→ Task material:
● ● ● ● ● ● ●

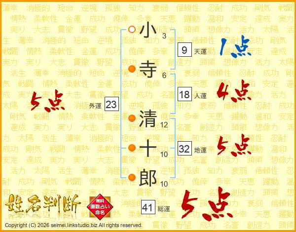 小寺清十郎さんの総運は41画の5点!
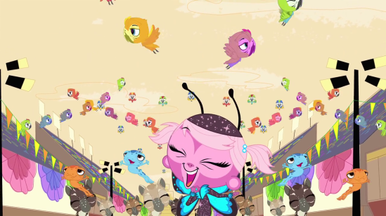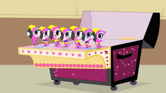 But on Littlest Pet Shop, it’s been much more pervasive, as we see characters mention events from earlier episodes on a regular basis. Like the Pet Jet, the Pet Fashion Expo, and Russell’s phasmophobia. And I think it finally reached its peak, on the day the pets take a trip to Rio De Janeiro for the big Brazilian Carnival (car-nih-VAHL) celebrations! Primarily because it feels like a sequel to an earlier episode, and because it just won’t stop it with the callbacks!
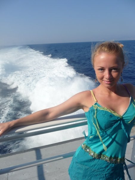 Девушка катается на катере по морю, скорость очень большая, но ей не страшно. И только сзади видно, как вода разлетается в разные стороны. Настроение у девушки отличное и чем ближе к океану, тем веселее.
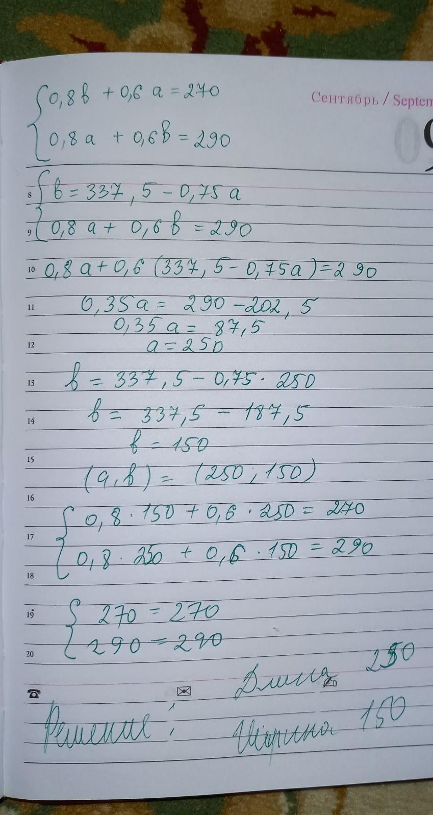 Брат и сестра измерили шагами длину и ширину огорода прямоугольной формы. Когда брат шел по длинной стороне, а сестра по короткой стороне прямоугольника, они сделали вместе 270 шагов. Потом брат шел по короткой стороне, а сестра по длиной стороне огорода, и тогда они вместе сделали 290 шагов. Длина шага брата равна 0,8 м, а длина шага сестры 0,6. Чему равна площадь огорода?
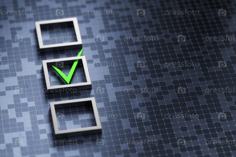 Зеленый знак в рамке выбора. Мы делаем правильный выбор. Опрос общественного мнения. Демократические институты голосуют за демократические выборы, референдум. Подтверждение, тестовый тест. Экспертиза. Реализация закона. 3D визуализация
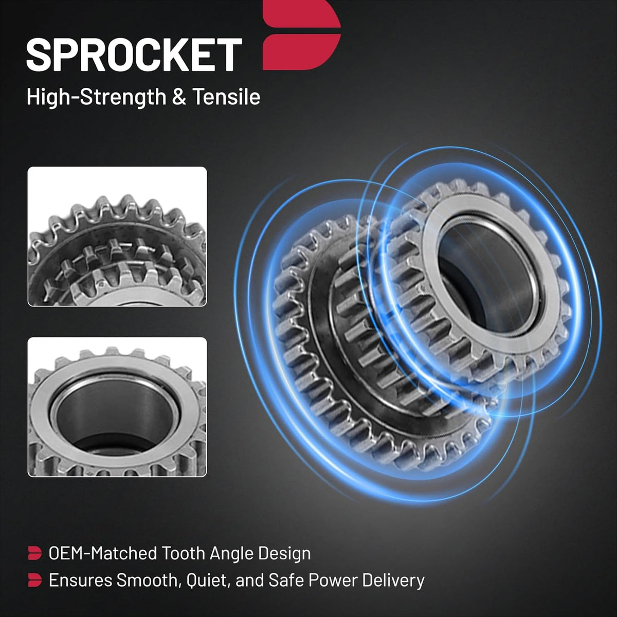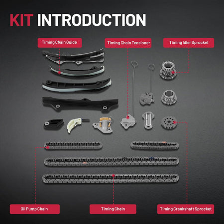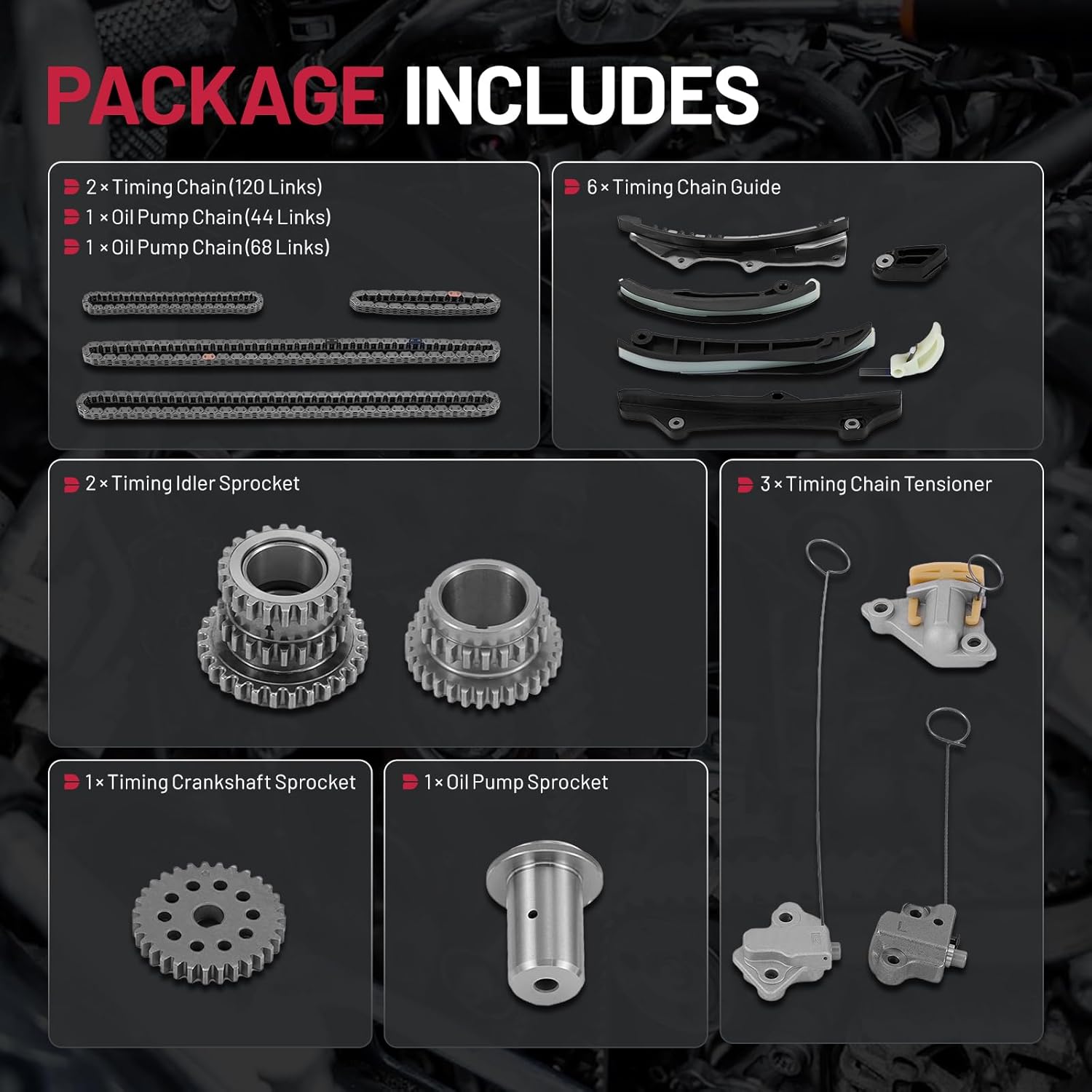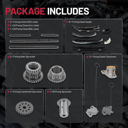 [Package Includes]: 2 x Timing Chain(120 Links), 1 x Oil Pump Chain(44 Links), 1 x Timing Crankshaft Sprocket, 2 x Timing Idler Sprocket, 3 x Timing Chain Tensioner, 6 x Timing Chain Guide, 1 x Oil Pump Sprocket
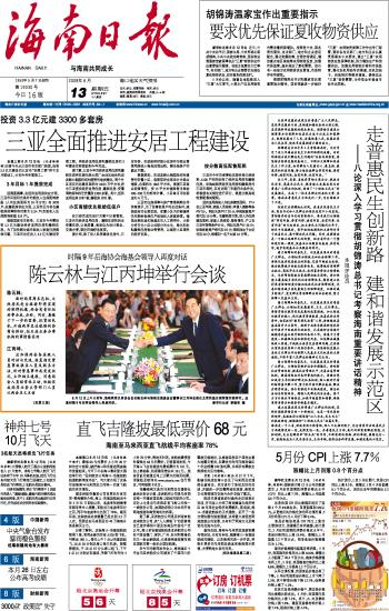 海南日报 首版 001 2008-06-131 2008年06月13日 星期五
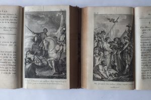 4 volumes grand in-12. Seconde édition. 20 Figures hors texte d’après MOREAU et MARILLIER gravées par DE LONGUEIL, NÉE, MAILLET, HELMAN, GAUCHER, DE GHENDT, SIMONET, DAMBRUN, DELIGNON…Demi-basane à coins postérieure. Dos à faux nerfs orné de motifs floraux avec pièce de titre (usures, un mors fendu). Cohen, 893.
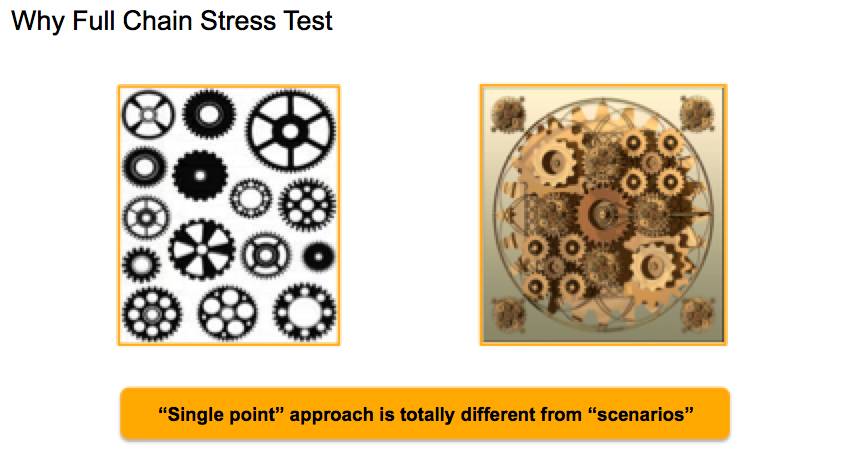 我们对每一个系统都做好了粗略的容量计算,以为一切都会比较顺利了,可是真实场景并非如此,当双11的零点到来的时候,许多系统的运行情况比我们想象的要更坏。原因在于真实的业务场景下,每个系统的压力都比较大,而系统之间是有相互依赖关系的,单机压测没有考虑到依赖环节压力都比较大的情况,会引入一个不确定的误差。这就好比,我们要生产一个仪表,每一个零件都经过了严密的测试,最终把零件组装成一个仪表,仪表的工作状态会是什么样的并不清楚。
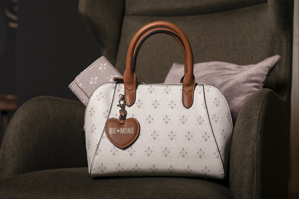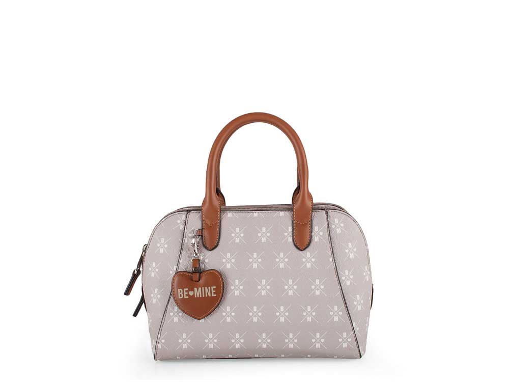 Die formschöne Kurzgrifftasche Sandy von BE MINE besteht aus zwei gleich großen Hauptfächern. Darin finden sich insgesamt drei Steckmöglichkeiten sowie ein Schlüsselhalter.
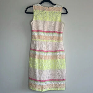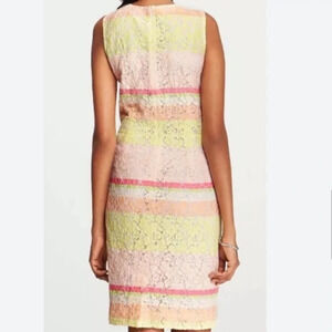 Ann Taylor sleeveless dress. Perfect for any occasion, this dress features a delicate lace overlay with colorful pastel stripes, offering a fresh and elegant look. The flattering sheath silhouette hugs your curves in all the right places, while the high neckline adds a touch of sophistication.
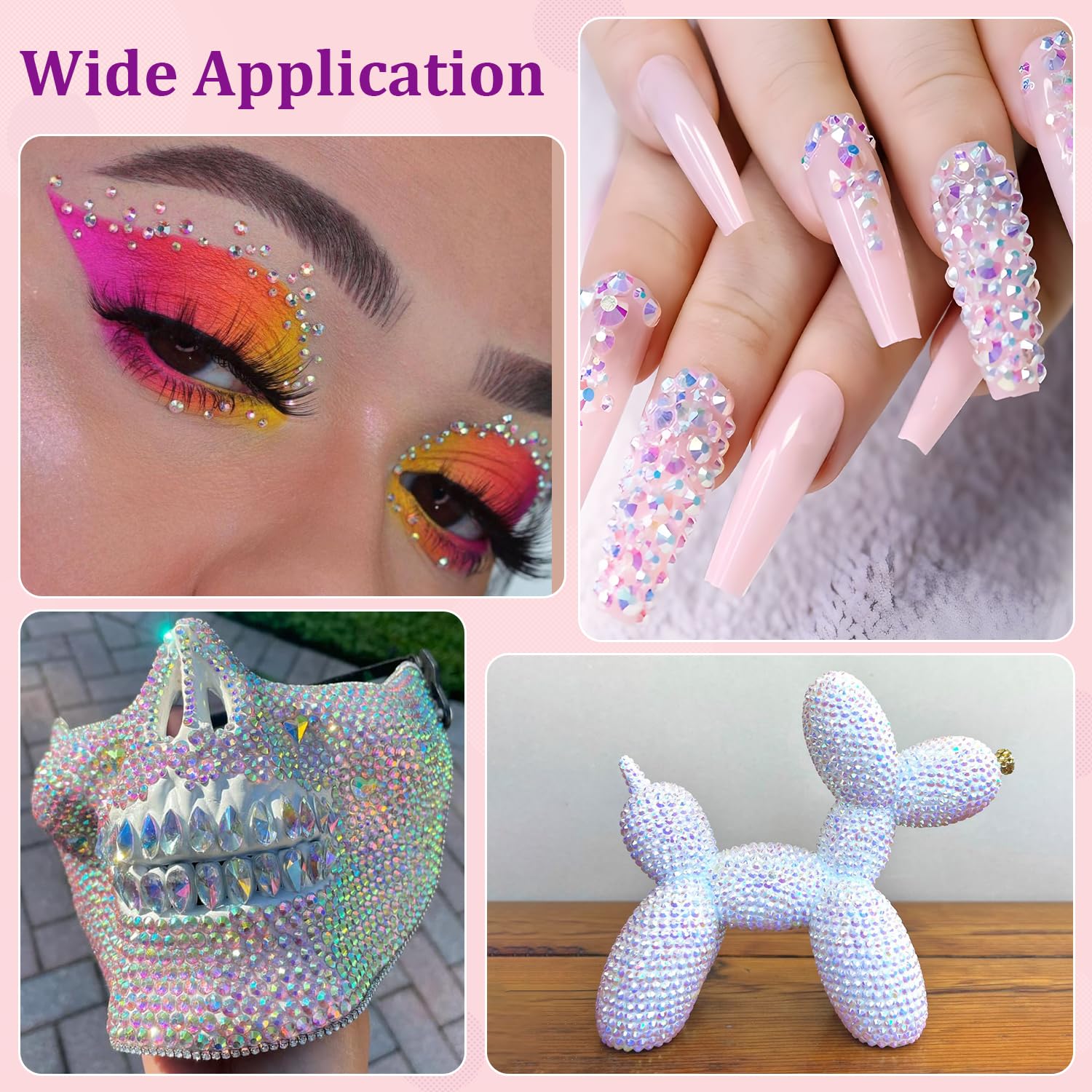 • WIDE APPLICATION -- These sparkling iridescent resin rhinestones are perfect for creating dazzling looks. Use them for bedazzling DIY crafts like shoes, tumblers, mugs, bottles, phone cases, popsockets, scrapbooks, photo frames, diamond paintings, greeting cards, bags, glasses, guitars, keychains, hats, masks, hair clips, bracelets, wristbands, clothing, clothes, wedding dresses, and more. Apply it to what you want to bling!
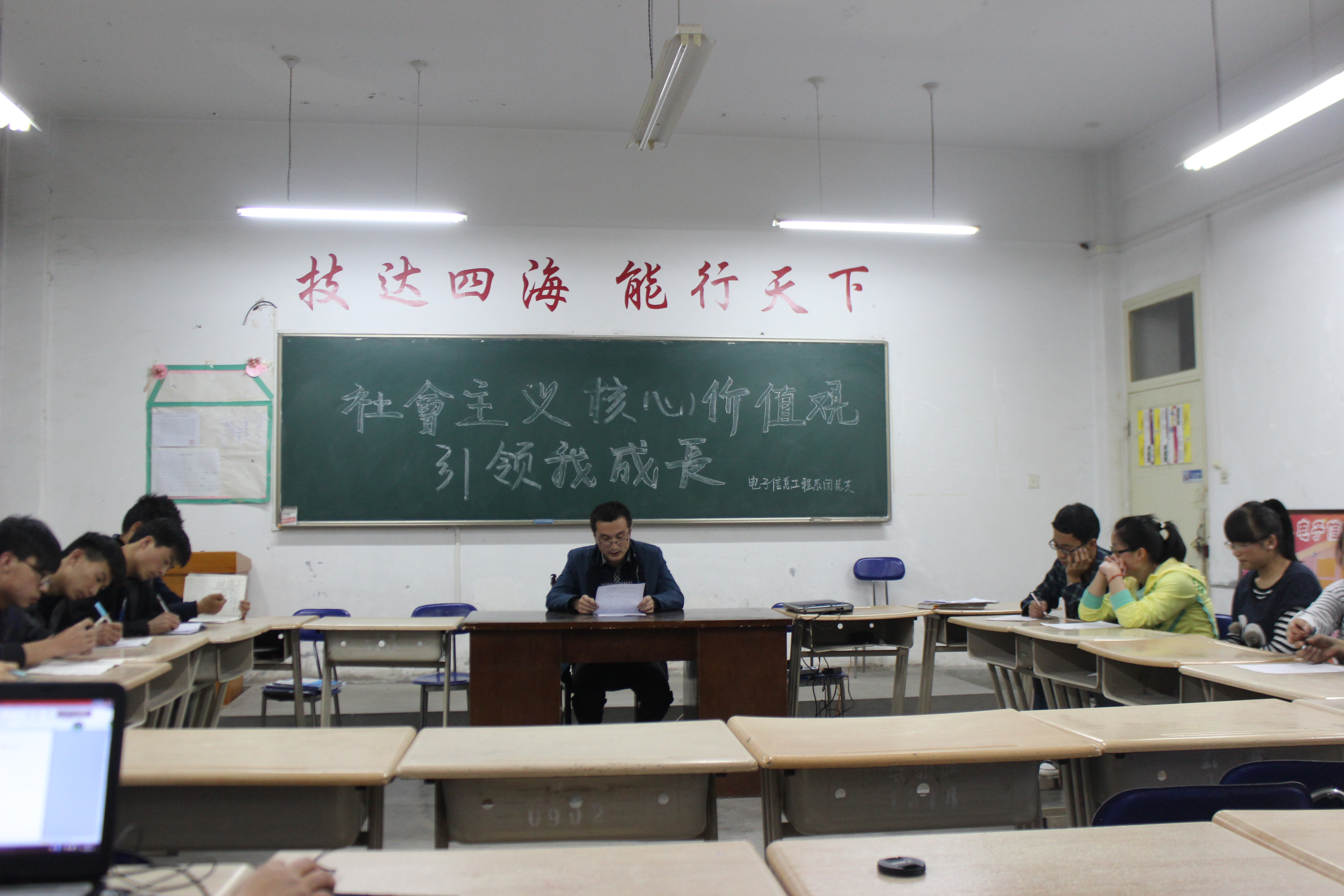 4月7日晚8时,电子信息工程系团总支召开“社会主义核心价值观引领我成长”活动动员大会。各班班长和团支部书记参加了会议,会议由系团总支书记唐宗舜老师主持。

● ● ● ● ● ● ●

→ Problem description: What belongs in the answer is each line above from the line with "Брат и сестра" to the line with "[Package Includes]: 2", inclusive, reproduced exactly and free of pictures.

→ Solution for this task:
 Брат и сестра измерили шагами длину и ширину огорода прямоугольной формы. Когда брат шел по длинной стороне, а сестра по короткой стороне прямоугольника, они сделали вместе 270 шагов. Потом брат шел по короткой стороне, а сестра по длиной стороне огорода, и тогда они вместе сделали 290 шагов. Длина шага брата равна 0,8 м, а длина шага сестры 0,6. Чему равна площадь огорода?
 Зеленый знак в рамке выбора. Мы делаем правильный выбор. Опрос общественного мнения. Демократические институты голосуют за демократические выборы, референдум. Подтверждение, тестовый тест. Экспертиза. Реализация закона. 3D визуализация
 [Package Includes]: 2 x Timing Chain(120 Links), 1 x Oil Pump Chain(44 Links), 1 x Timing Crankshaft Sprocket, 2 x Timing Idler Sprocket, 3 x Timing Chain Tensioner, 6 x Timing Chain Guide, 1 x Oil Pump Sprocket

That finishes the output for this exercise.